Nutritional values are estimates based on standard ingredient data. Actual values may vary based on specific brands, preparation methods, and serving sizes. This information is not a substitute for professional dietary advice. Consult a healthcare provider for specific dietary needs.

Reviews

I made this!

Nutrition Breakdown

Each serving of The Wholesome Slow-Cooked Chickpea Curry That Heals Your Soul contains approximately 350 calories, making it a moderately portioned meal suitable for most dietary plans. With 15g of protein per serving, this recipe provides a moderate protein content that pairs well with a protein-rich side. The 55g of carbohydrates provide sustained energy, making it ideal before or after physical activity, while the 10g of fat content keeps this dish relatively lean and heart-friendly.

With 12g of fiber per serving, this dish contributes to your daily fiber intake goal of 25-38g.At approximately $1.5 per serving, this recipe offers exceptional value for budget-conscious home cooks.For a complete macro breakdown of any ingredient in this recipe, use our free calorie calculator.

Cooking Tips

Prep ahead: With 20 minutes of prep time, consider chopping vegetables and measuring ingredients the night before to save time.

Serving suggestion: Serve with steamed basmati rice, warm naan, or roti for a complete meal.

Storage: Store leftovers in an airtight container in the refrigerator for up to 3-4 days. Reheat in the microwave or on the stovetop until heated through.

Make it healthier: This recipe is already relatively healthy — boost the nutrition further by adding a side of leafy greens or steamed vegetables.

Ingredient Substitutions

chickpeas
coconut milk
spinach

Frequently Asked Questions

How many calories are in The Wholesome Slow-Cooked Chickpea Curry That Heals Your Soul?
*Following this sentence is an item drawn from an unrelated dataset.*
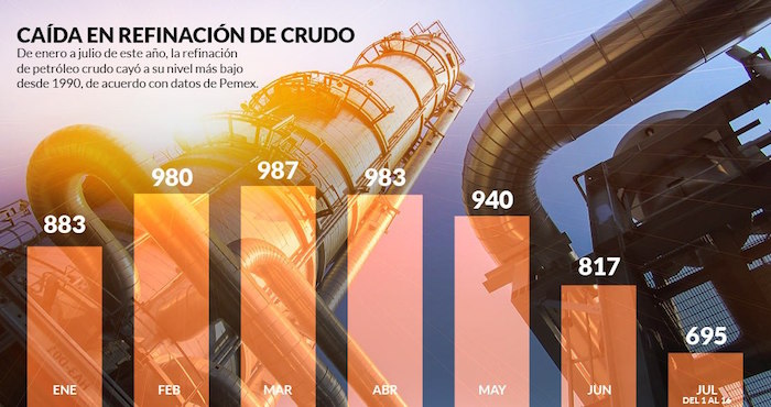 La Empresa Productiva del Estado refinó 695 mil barriles diarios de crudo, equivalente a alrededor del 42 por ciento de la capacidad de refinación de México, del día primero al 16 de julio, según datos preliminares de la compañía. La última vez que la producción fue tan baja fue en diciembre de 1990.

One serving of The Wholesome Slow-Cooked Chickpea Curry That Heals Your Soul contains approximately 350 calories, 15g protein, 55g carbs, and 10g fat. Use our calorie calculator to check custom portion sizes.

How long does it take to make The Wholesome Slow-Cooked Chickpea Curry That Heals Your Soul?

This recipe takes 20 minutes to prep and 120 minutes to cook, for a total of 140 minutes from start to finish. Worth the wait — the longer cook time develops deeper flavors.

Can I meal prep The Wholesome Slow-Cooked Chickpea Curry That Heals Your Soul?

Yes! This recipe makes 4 servings, making it ideal for meal prep. Store in individual containers in the fridge for up to 3-4 days.

What goes well with The Wholesome Slow-Cooked Chickpea Curry That Heals Your Soul?

This pairs beautifully with steamed basmati rice, naan bread, raita, or a fresh cucumber salad.